An alternative to the clipped surrogate objective is to use a KL-penalized objective, where a penalty term based on the KL divergence between the current policy and the old policy is added to the loss. The penalty coefficient \(\beta\) is adaptively tuned to maintain a target KL divergence \(d_{\text{targ}}\). After each policy update, the actual KL divergence \(d\) is measured. If \(d < d_{\text{targ}} / 1.5\), the penalty coefficient is reduced (i.e., \(\beta \gets \beta / 2\)) to allow more flexibility in updates.

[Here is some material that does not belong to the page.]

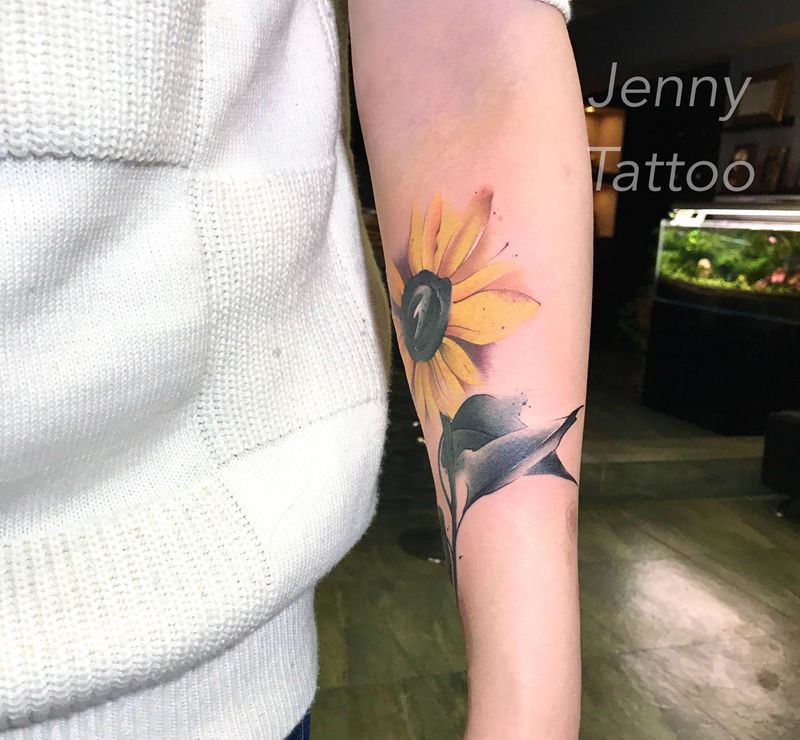 当前位置: 首页 >辽宁省大连市纹身店-玄铭堂纹身纹身图案>水墨向日葵纹身图片_手臂水墨水彩植物向日葵设计纹身图案
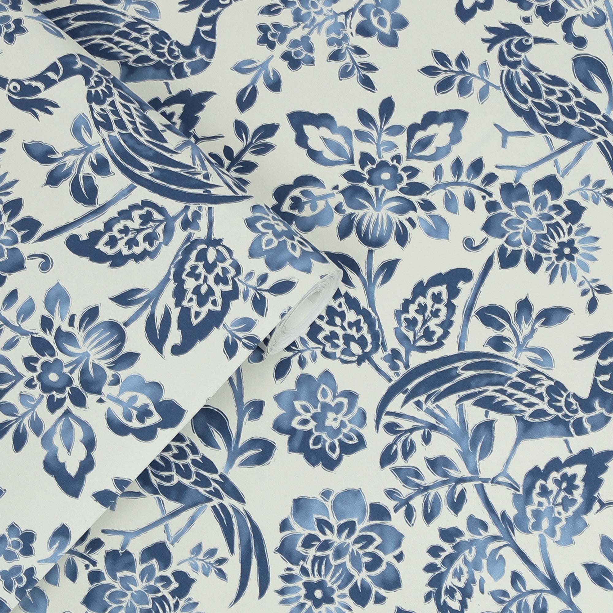 Laura Ashley Adain Palace Behang - Bloemen - 10mx52cm - Blauw

If \(d > 1.5 \cdot d_{\text{targ}}\), \(\beta\) is increased (i.e., \(\beta \gets \beta \cdot 2\)) to constrain the update more tightly. This approach helps keep the updated policy close to the previous one while still allowing learning progress. The KL-penalized loss is defined as:
\[L_{\text{KL}}(\theta) = \hat{\mathbb{E}}_t \left[ \frac{\pi_\theta(a_t | s_t)}{\pi_{\theta_{\text{old}}}(a_t | s_t)} \hat{A}_t - \beta \sum_{a} \pi_{\theta_{\text{old}}}(a | s_t) \log \left(\frac{\pi_{\theta_{\text{old}}}(a | s_t)}{\pi_\theta(a | s_t)} \right) \right]\]
- where:
  - \(\pi_{\theta_{\text{old}}}\) is the policy before the update.
  - \(\pi_\theta\) is the current policy.
  - \(\hat{A}_t\) is the estimated advantage.
  - \(\beta\) is the KL penalty coefficient adjusted dynamically to match the KL target.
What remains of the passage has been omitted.